* Crude oil, base metals may benefit if U.S. economy expands
* Managers avoid gold, silver as rates rise, USD strengthens
* End of QE3 may herald return to more varied performance
By Claire Milhench
LONDON, July 11 (Reuters) - An end to U.S. monetary stimulus may not necessarily spell doom for commodity prices if a strong U.S. economic recovery boosts demand for oil and base metals, leading commodity managers say, but gold and silver are to be avoided.
Commodities sold off heavily in June following signals from the U.S. Federal Reserve that it would wind down its stimulus programme, as long as the U.S. economy continues to improve. The shift in direction led to investors dumping bonds, a sharp rise in real interest rates and a stronger dollar - all of which clobbered commodity prices, particularly gold.
The average actively managed fund in the Lipper Global Commodity sector was down 9.58 percent last quarter, and very few actually made money. Commodity prices as indicated by the Thomson Reuters-Jefferies CRB index fell 6 percent in the second quarter, with big moves down in gold and silver.
The best performers were market neutral funds, which aim to deliver stable returns whatever the market weather, and funds that can take both long and short positions, which made money when prices tumbled.
These managers are phlegmatic about the second half, but for long-only funds, the picture is less reassuring given the headwinds from a stronger dollar and uncertainty over Chinese credit growth.
“If you have sustained good economic news or not, then you have a direction for commodities either way, and a trend is likely to form,” said Jon Spencer, president at Gresham Investment Management.
“Whether prices go up or down, our strategy will do well, but long-only funds have to hope for a sustained period of economic growth for commodities to perform.” The Nuveen Gresham Long/Short Commodity Strategy Fund topped the Lipper league table last quarter with a 1.76 percent return.

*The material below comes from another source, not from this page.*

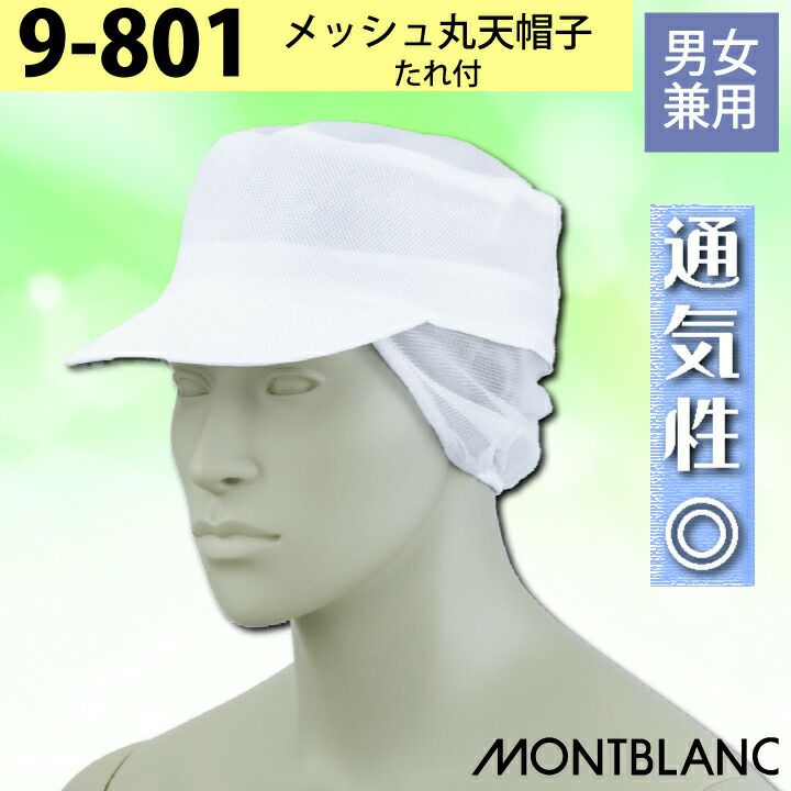 【メール便送料無料】 住商モンブラン メッシュ丸天帽子 たれ付 9-801 衛生帽子 衛生キャップ 飲食 給食 食品衛生 食品加工 調理 厨房 白 メッシュ ダブルメッシュ 通気性 キャップ ツバ付 MONTBLANC 男女兼用 フリーサイズ 綿混

Spencer said if the Fed feels confident that it can slow the pace of its bond-buying, this implies sustained employment gains, a stronger economy, and a pick up in demand for economically-sensitive commodities such as energies and base metals. More people will be driving to work, consumption will pick up, and businesses will expand.
His fund is holding long positions in crude oil and oil products, and has just gone long copper, although it remains short aluminium, nickel and lead. Likewise, short positions in gold and silver initiated in the middle of last quarter have been maintained.
But China poses a bigger question - if it decides to slow credit growth to keep a lid on inflation, this will hinder commodity prices. “China is a big importer of most commodities,” said Spencer. “That could offset potential price rises in industrial metals and energies. It’s not a straight line.”
Commodity managers find choppy markets hard to trade - they prefer strong, persistent trends that allow them to build positions before the trend reverses. For this reason, Brian Ziv, co-manager of the William Blair Commodity Strategy Long/Short Fund, which came fifth in the Lipper league table, believes an end to stimulus is not necessarily a bad thing.
“If quantitative easing eases, if Chinese demand for commodities slows, or if Europe falls back into recession, then commodity prices may continue to fall,” he said. “From our standpoint, steadily falling commodity prices may prove more profitable than the erratic movement that has characterised commodities over the past few years.”
Spencer agreed that until there is a clear direction for the global economy, volatility will continue to spike periodically. The Fed now seems divided on when to end its stimulus programme, adding to the confusion for managers, and Japan, Britain and the rest of Europe aren’t out of the woods yet.
However, Lorenz Arnet, founding partner at InCube Capital, whose market neutral Commodity Relative Value Fund came third in the Lipper table, believes that most of the negative news is now priced in.
In addition, an end to the Fed’s programme, which has lifted most commodities in a “risk on” trade, may mean a return to commodities trading on their own supply and demand fundamentals.
“We expect higher dispersion among the individual commodities than we had during the risk on/risk off market (experienced under QE),” said Arnet.
Credit Suisse’s Nelson Louie, global head of commodities in asset management and Christopher Burton, head of portfolio management in commodities, also see fundamentals playing more of a role in price direction after a long hiatus.
The CS Commodity ACCESS Strategy Fund came ninth in the Lipper league table, partly on the back of short positions in wheat and corn, which were pressured by plentiful supplies, and an overweight position in lean hogs.
“Lean hogs was one of two major commodities that rose during the quarter, increasing 7.02 percent amid tight near-term supplies and strong seasonal demand,” the fund said.
If the market adjusts to a slower pace of global growth, the fund sees supply divergences such as these playing an increasing role at a time when the higher correlation between other asset classes and commodities seen since 2008 has begun to decline.
“This may enhance the diversification properties that commodities offer and may signal a return to a more fundamentally-driven market,” the fund said.